Data for this exercise.
####################
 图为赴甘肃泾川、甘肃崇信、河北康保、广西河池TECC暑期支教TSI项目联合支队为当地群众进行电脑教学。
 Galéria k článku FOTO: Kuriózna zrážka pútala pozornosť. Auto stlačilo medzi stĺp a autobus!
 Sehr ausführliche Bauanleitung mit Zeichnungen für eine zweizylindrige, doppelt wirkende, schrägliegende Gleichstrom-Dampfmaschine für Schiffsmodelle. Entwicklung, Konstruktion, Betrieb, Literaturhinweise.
####################
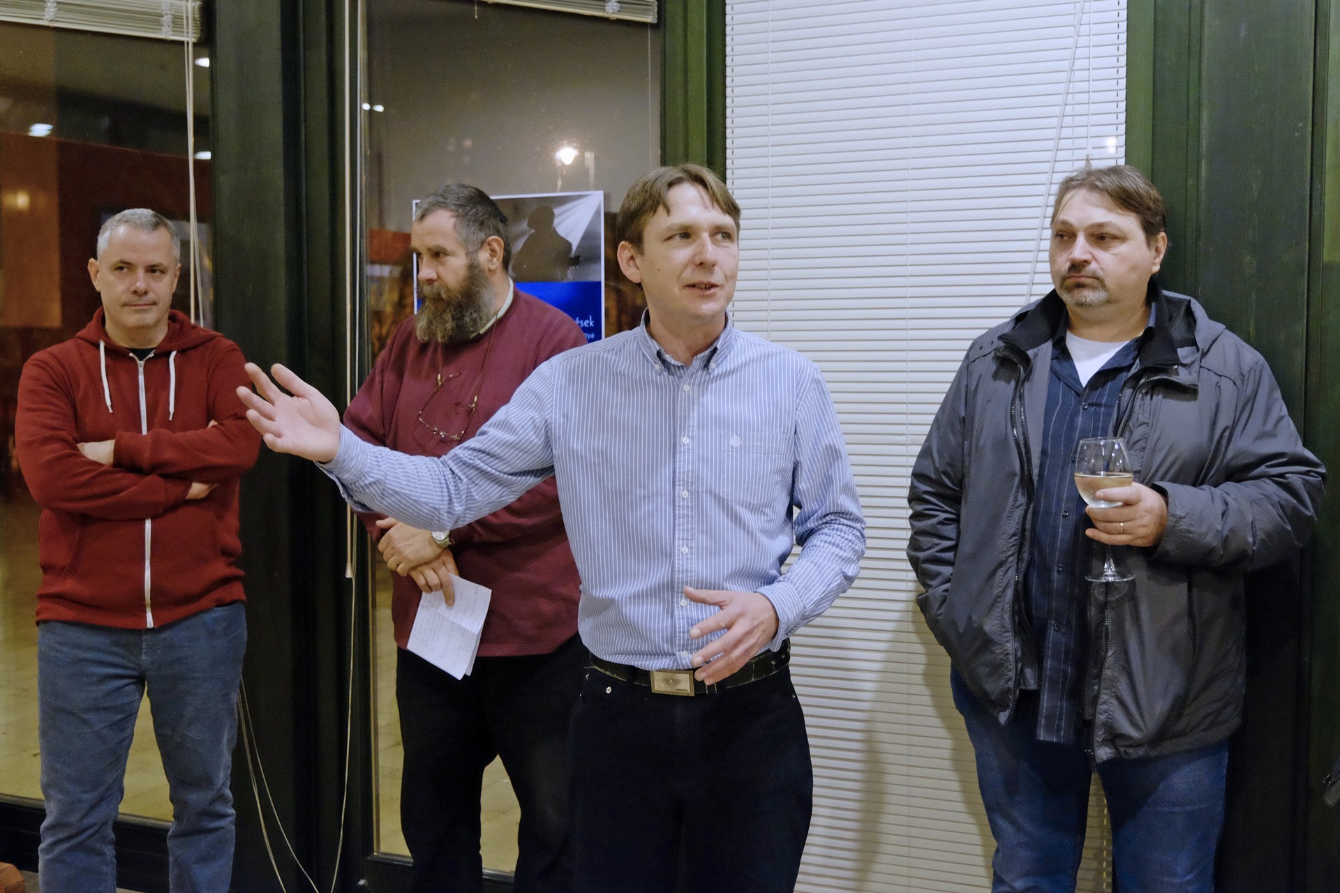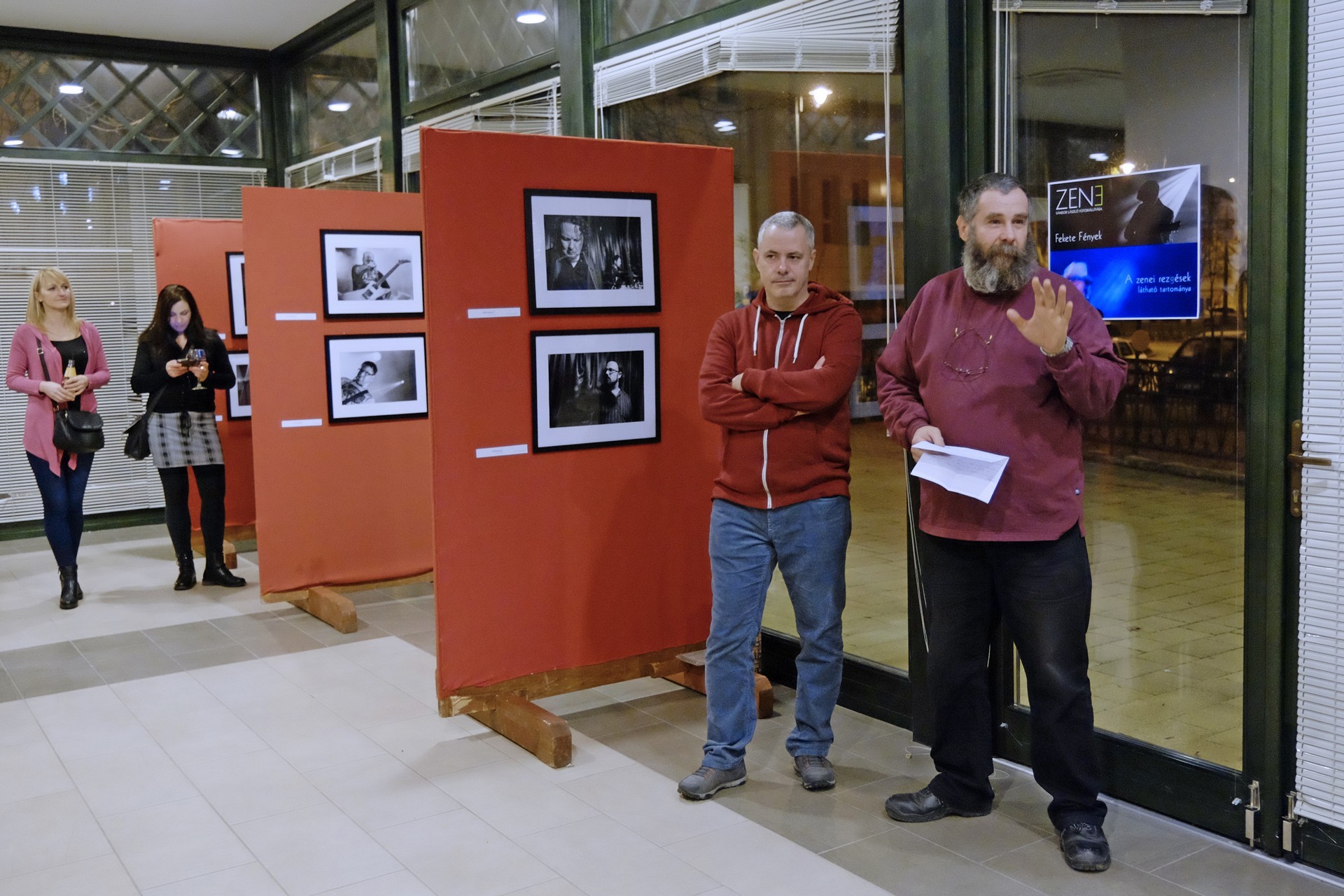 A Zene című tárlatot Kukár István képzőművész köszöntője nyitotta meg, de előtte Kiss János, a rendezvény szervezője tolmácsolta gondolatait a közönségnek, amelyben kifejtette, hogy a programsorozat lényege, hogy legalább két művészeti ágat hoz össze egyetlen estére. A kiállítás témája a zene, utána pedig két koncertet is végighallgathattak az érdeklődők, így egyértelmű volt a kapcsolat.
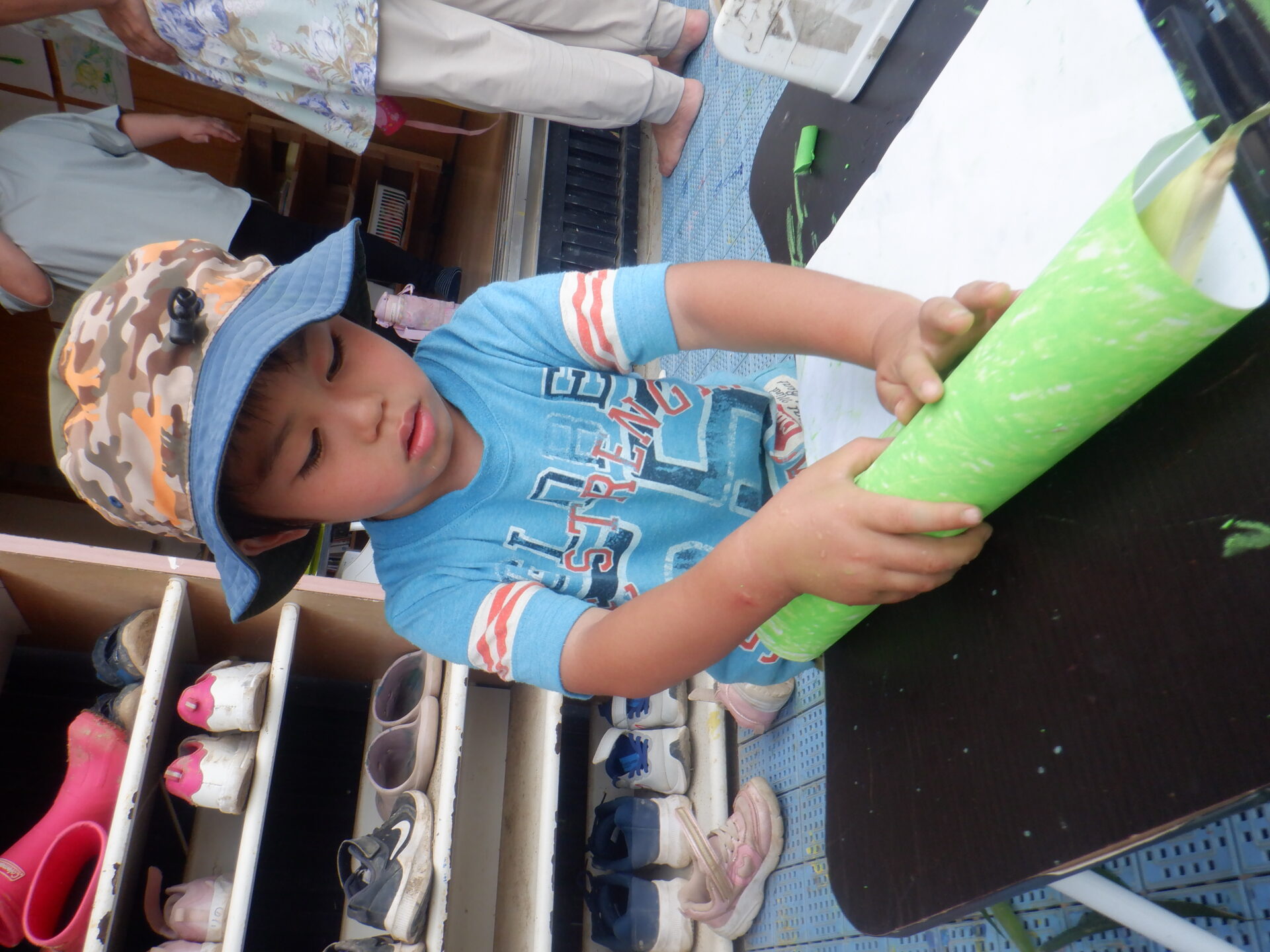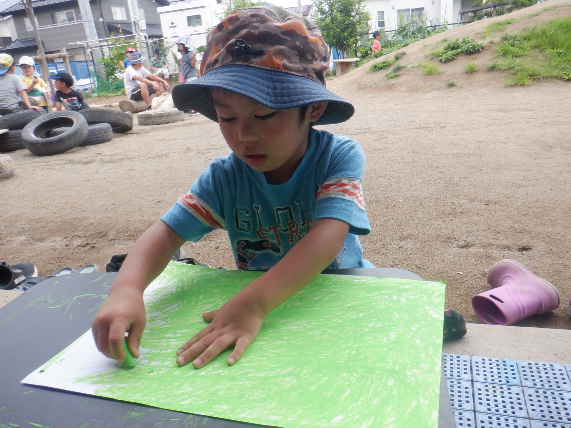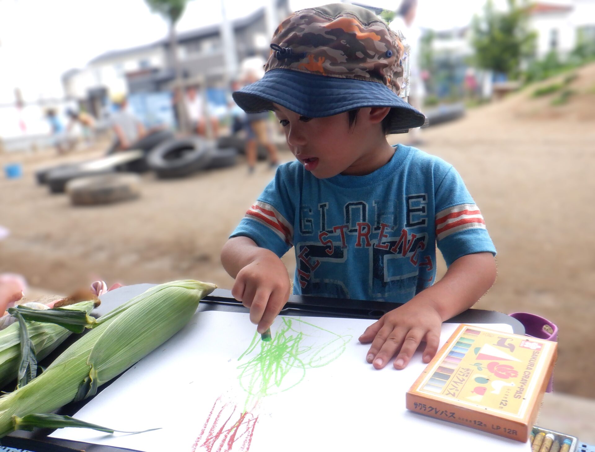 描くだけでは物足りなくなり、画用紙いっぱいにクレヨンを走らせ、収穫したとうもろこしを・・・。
####################
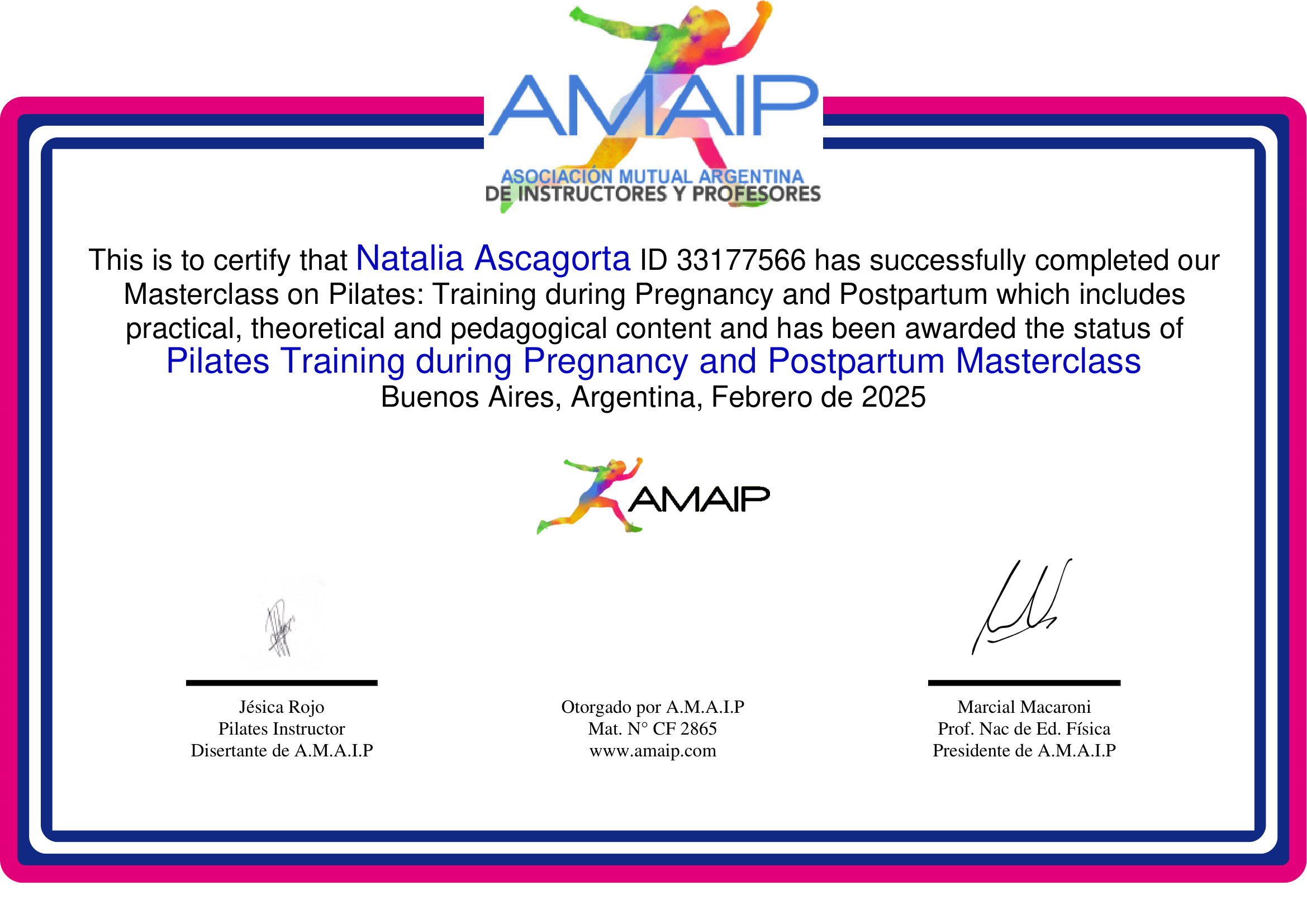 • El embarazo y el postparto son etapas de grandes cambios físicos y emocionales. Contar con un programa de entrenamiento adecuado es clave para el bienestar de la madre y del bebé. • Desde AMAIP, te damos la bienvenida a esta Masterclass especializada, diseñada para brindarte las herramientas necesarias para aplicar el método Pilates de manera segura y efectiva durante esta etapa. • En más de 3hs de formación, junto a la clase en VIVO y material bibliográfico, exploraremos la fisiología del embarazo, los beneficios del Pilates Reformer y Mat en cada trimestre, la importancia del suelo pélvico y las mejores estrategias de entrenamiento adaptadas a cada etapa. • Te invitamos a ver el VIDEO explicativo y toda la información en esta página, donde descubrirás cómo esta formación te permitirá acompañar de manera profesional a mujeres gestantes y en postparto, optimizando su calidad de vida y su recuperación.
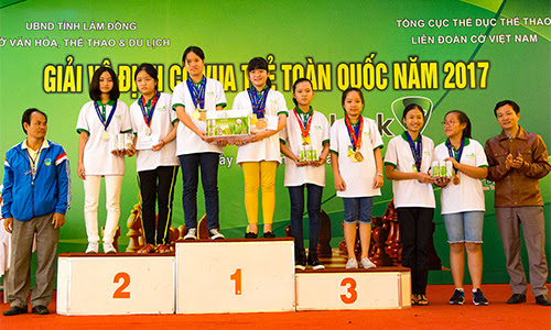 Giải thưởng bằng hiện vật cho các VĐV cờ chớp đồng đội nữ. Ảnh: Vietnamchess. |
####################
Problem details.
From the records above, print exactly the lines that run from the line with "图为赴甘肃泾川、甘肃崇信、河" to the line with "Sehr ausführliche Bauanleitung", inclusive.

Exercise solution.
 图为赴甘肃泾川、甘肃崇信、河北康保、广西河池TECC暑期支教TSI项目联合支队为当地群众进行电脑教学。
 Galéria k článku FOTO: Kuriózna zrážka pútala pozornosť. Auto stlačilo medzi stĺp a autobus!
 Sehr ausführliche Bauanleitung mit Zeichnungen für eine zweizylindrige, doppelt wirkende, schrägliegende Gleichstrom-Dampfmaschine für Schiffsmodelle. Entwicklung, Konstruktion, Betrieb, Literaturhinweise.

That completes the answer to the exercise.